AVG(ABS(predicted_value - actual_value))

This formula shows the MAE in mathematical symbols. The large sigma character represents summation; j represents the current predictor, and n represents the number of predictors.

Figure 12-4 Mean Absolute Error

Description of Figure 12-4 follows
Description of "Figure 12-4 Mean Absolute Error"

12.3 Regression Algorithms

Oracle Machine Learning supports these algorithms for regression: Generalized Linear Model (GLM), Neural Network (NN), Support Vector Machines (SVM), and XGBoost.

GLM and SVM algorithms are particularly suited for analysing data sets that have very high dimensionality (many attributes), including transactional and unstructured data.
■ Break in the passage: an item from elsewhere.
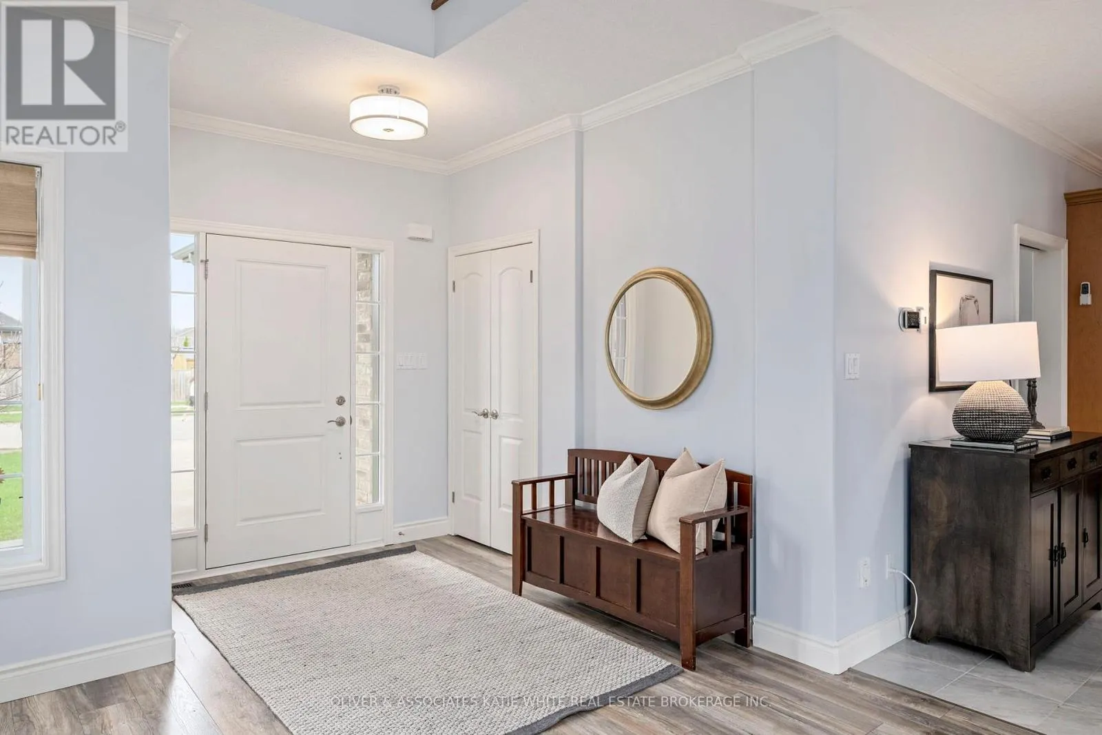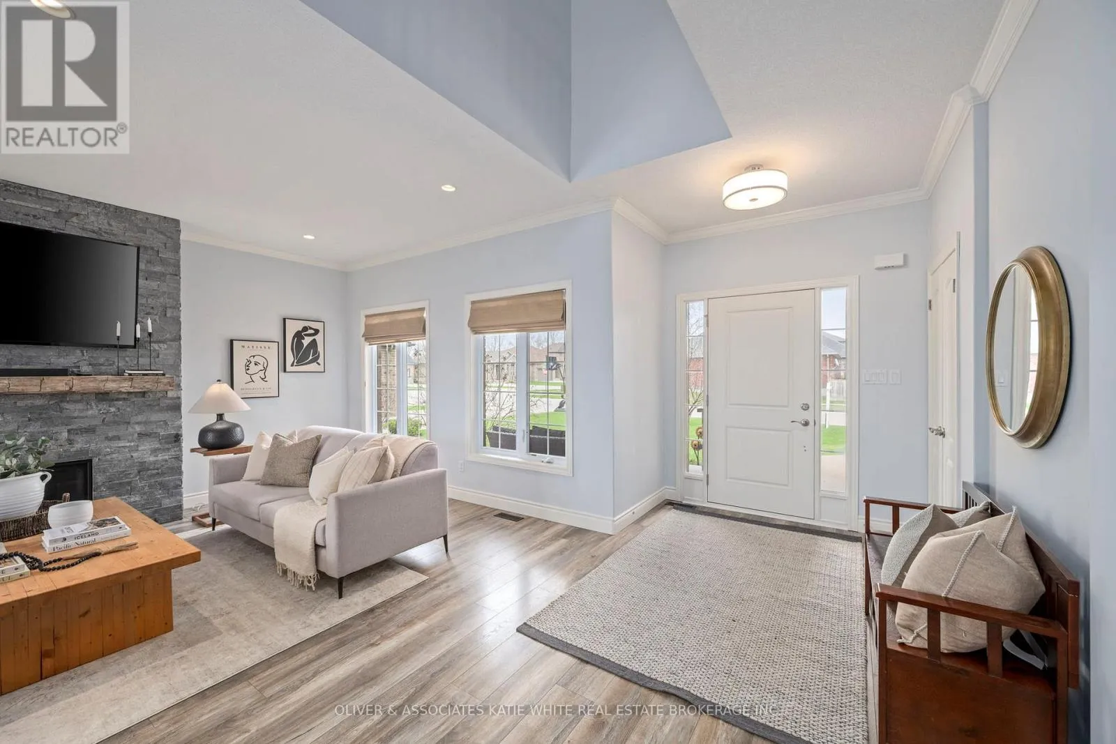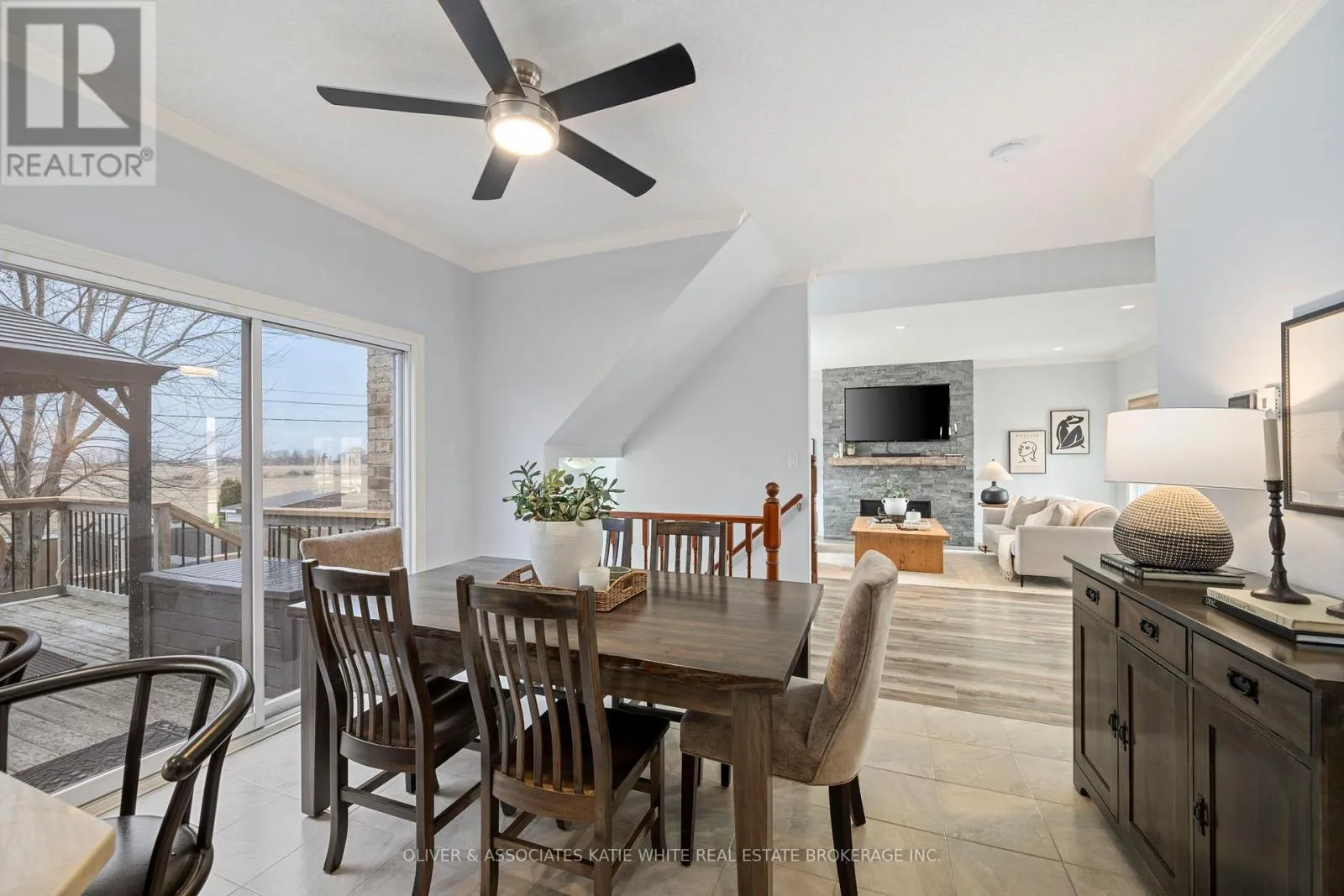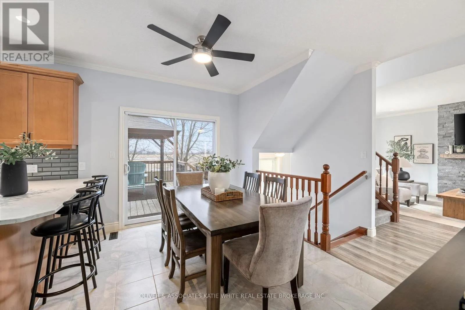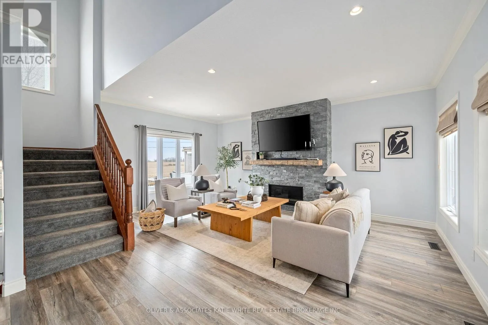 Better than new! This wonderful family home nestled in Saintsbury Estates in the growing town of Lucan. Tons of curb appeal and welcoming covered front porch. Spacious open concept main floor with newer laminate flooring. Large Great Room with beautiful stone feature gas fireplace and crown moulding. Updated Eat-in Kitchen with Quartz countertops, breakfast bar, modern backsplash, pot lighting and
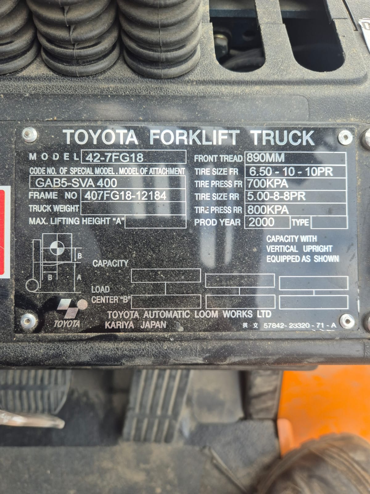 2000 Toyota 1.8T LPG Forklift with Container Mast

  • Generalized Linear Model

    GLM is a popular statistical technique for linear modeling. Oracle Machine Learning for SQL implements GLM for regression and for binary classification. GLM provides extensive coefficient statistics and model statistics, as well as row diagnostics. GLM also supports confidence bounds.

  • Neural Network

    Neural Network is a powerful algorithm that can learn arbitrary nonlinear regression functions.

  • Support Vector Machine

    SVM is a powerful, state-of-the-art algorithm for linear and nonlinear regression. OML4SQL implements SVM for regression, classification, and anomaly detection. SVM regression supports two kernels: the Gaussian kernel for nonlinear regression and the linear kernel for linear regression.

    Note:

    OML4SQL uses the linear kernel SVM as the default regression algorithm.

  • XGBoost

    XGBoost is machine learning algorithm for regression and classification that makes available the XGBoost open source package. Oracle Machine Learning for SQL XGBoost prepares training data, invokes XGBoost, builds and persists a model, and applies the model for prediction.